The only possible prime factors the ten numbers might share are 2, 3, 5 and 7.  The positions of multiples of these primes within any given range (including ranges of 10) therefore shift in a cycle of 2*3*5*7=210 numbers.  Therefore we can check the first 220 numbers to find those numbers that do not have any one of these as a factor.  They are listed below, together with the difference between it at the previous number on the list:

  1
 11   10
 13    2
 17    4
 19    2
 23    4
 29    6
 31    2
 37    6
 41    4
 43    2
 47    4
 53    6
 59    6
 61    2
 67    6
 71    4
 73    2
 79    6
 83    4
 89    6
 97    8
101    4
103    2
107    4
109    2
113    4
121    8
127    6
131    4
137    6
139    2
143    4
149    6
151    2
157    6
163    6
167    4
169    2
173    4
179    6
181    2
187    6
191    4
193    2
197    4
199    2
209   10
211    2

None of the differences is greater than 10, so every group of ten will have at least one.
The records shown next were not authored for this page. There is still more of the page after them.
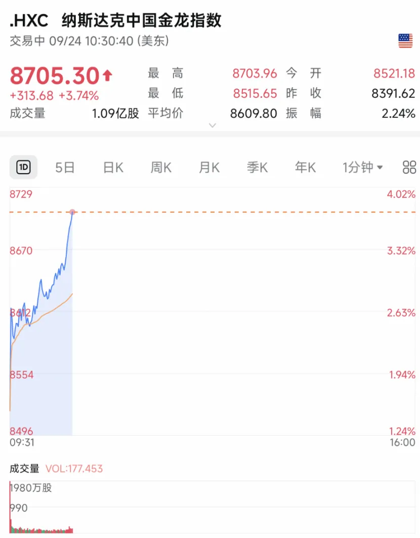 截至收盘,纳斯达克中国金龙指数收涨2.83%,热门中概股普涨。
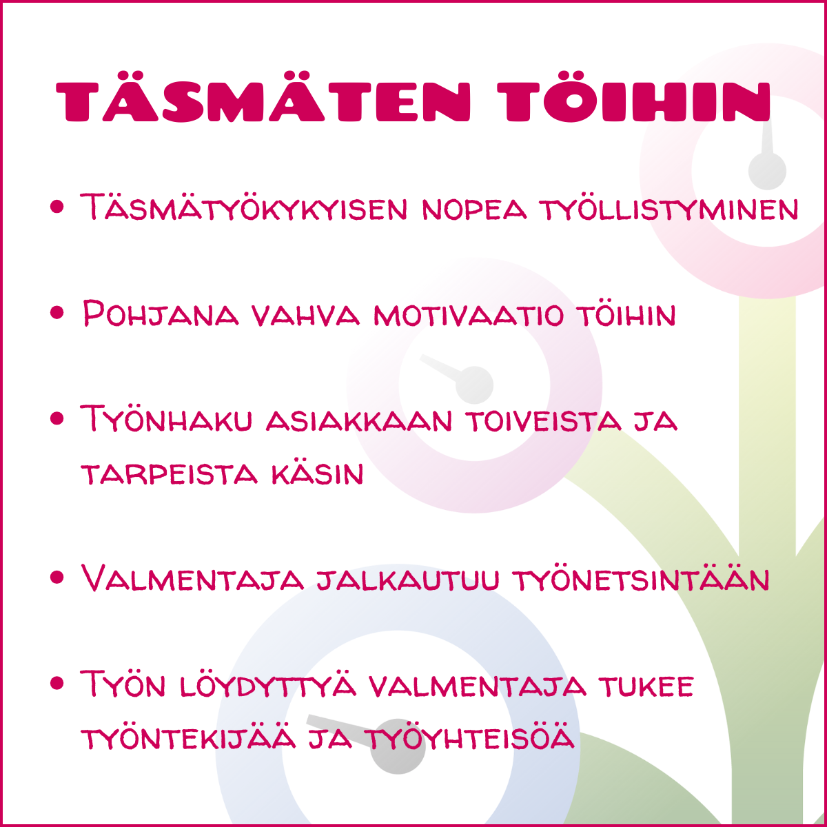 Täsmäten töihin -palvelussa keskeisinä tekijöinä ovat asiakkaan vahva motivaatio työllistyä sekä nopea työnhaun aloitus. Palveluun ohjataan jyväskyläläisiä asiakkaita, joilla on alentunut työkyky, mutta sitä on edelleen jäljellä varsinkin kun työtehtävät ja -olosuhteet on räätälöity hänen tarpeidensa mukaan. Asiakkaiden työkykyyn liittyvät asiat on selvitetty palvelun alkaessa, jotta valmentaja ja asiakas voivat keskittyä työnhakuun ja työssä pysymiseen.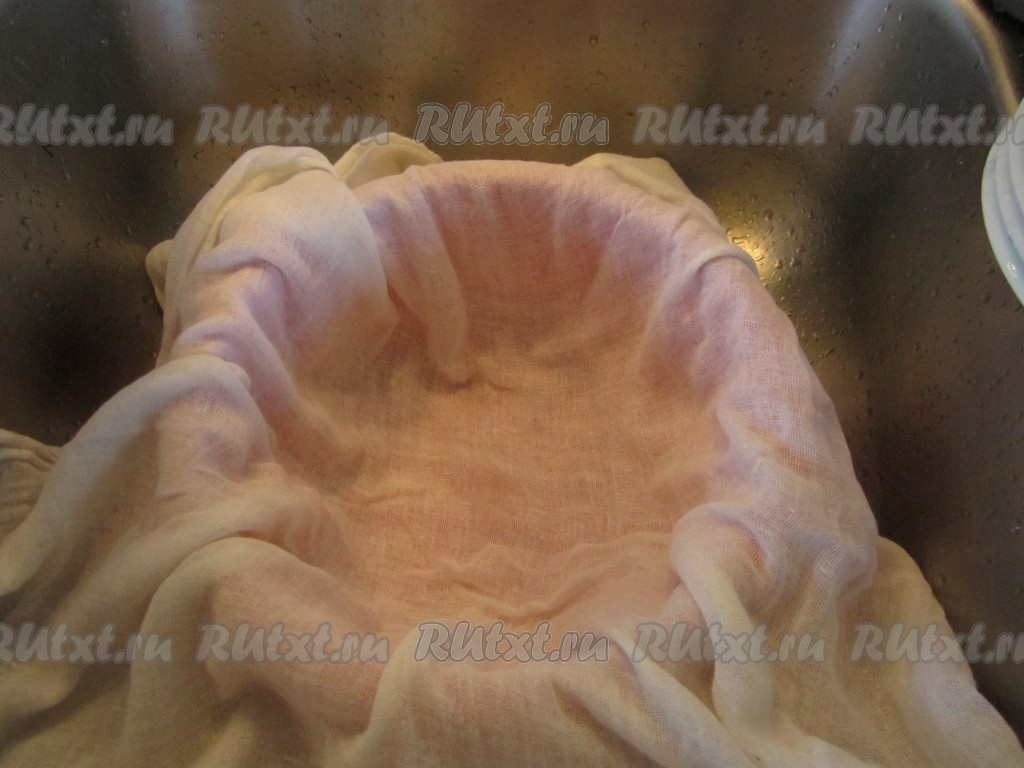 Глубокую миску выстилаем сложенной вдвое марлей (или льняной тканью).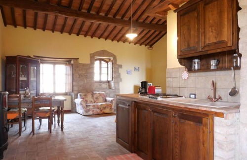 "Mimosa - Borgo la Civitella", 1-room apartment 43 m2 on 1st floor. Rustic furnishings: living/sleeping room with 1 french bed (160 cm), dining table, TV and wood-burning stove. Open kitchen (mini-oven, Gas stove, 4 gas rings, kettle, electric coffee machine). Shower/WC. Gas heating. Natural stone floors. Terrace furniture, sitting area. Panoramic view. Facilities: baby cot. Internet (WiFi, free). Please note: non-smokers only. Private entrance.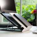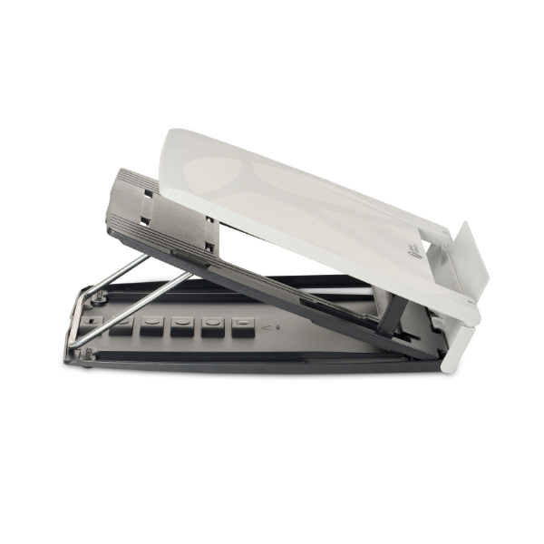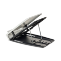 Le support pour ordinateur portable est réglable en six positions et se transporte facilement dans une sac pour ordinateurs portables. De plus, il est doté d'un porte-documents intégré pour plus de praticité.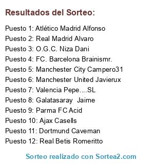 Lista de participantes: FC. Barcelona Brainismr., Valencia Pepe....SL, Manchester United Javierux, Manchester City Campero31, Parma FC Acid, Real Betis Romeritto, Real Madrid Alvaro, O.G.C. Niza Dani, Atlético Madrid Alfonso, Dortmund Caveman, Ajax Casells, Galatasaray Jaime.

In fact, there are only two points in the cycle where the distance is farther than 8: 1-11, and 199-211.  In the first instance (to be repeated  at 211-221), 7 (or 217) is the only multiple of that number within the group bounded by numbers on the list and so serves as a relative prime until 1 (or 211) is reached on the one side or 11 (or 221) on the other.  In the other range, 199-211, 203 is a multiple of only 7 and again the only such multiple in the range, and so serving as a relative prime within that group.

Thus any set of eight consecutive integers has at least one member that is relatively prime to the others in the set.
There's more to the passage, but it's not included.